Women make up significant percentages of many white-collar fields that were male-dominated half a century ago, from advertising and middle-management to medicine and law. But the percentage of women welders, for example--just like the percentage of women pilots--hasn't climbed above 6%. Just this past December, the Cunard line hired its first female cruise ship captain in the company's 170-year history The percentage of women electricians, steamfitters and pipefitters hovers around the 1% mark. And the percentage of women actually working as riveters (or sheet metal workers) is still less than 5%.
What accounts for those numbers? Are those fields still hostile to women? Do young women not have enough role models to imagine themselves in those kinds of positions? Or are those jobs somehow inherently less appealing to women?

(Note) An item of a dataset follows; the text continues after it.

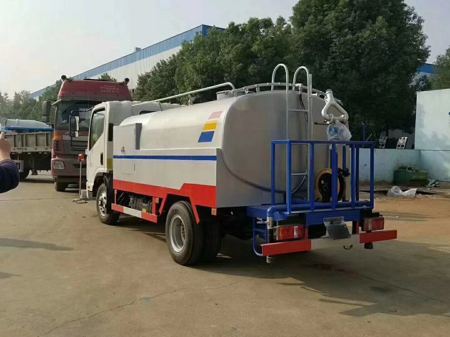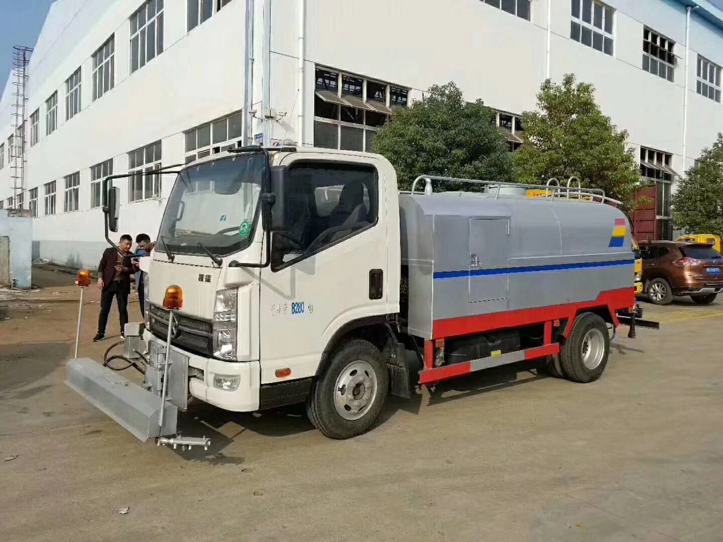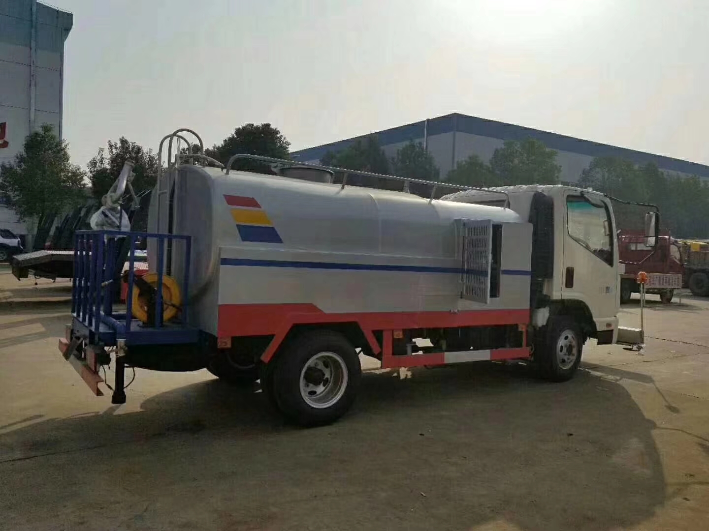低壓部分:采用大流量低壓灑水泵,泵可自吸自排 。帶前沖,后灑及后工作平臺(tái),平臺(tái)上可安裝綠化

I can't speak to sheet metal workers or welders, but I've puzzled over the low number of women pilots for years without coming up with a good answer. I suspect it's a combination of factors. But Geraldine Doyle's actual story is probably more iconic than the simple, "We Can Do It!" poster image. Doyle evidently had ambitions, a "can do" spirit and, like many women, was pulled in more than one direction. But in the end, even though she had the chance to do a man's factory job, she chose something else, instead. Which, according to Bureau of Labor statistics, makes her very much like most women today.
At the time, the poster bearing Doyle's face and the determined cry of "We Can Do It!" was trying to convince the world that women could, in fact, do physical and traditionally male jobs. Seventy years later, it's not so much a question of whether women CAN do a man's job. It's a far more complex question of why--particularly in the fields the "Rosie the Riveter" campaign was designed to promote--more women don't.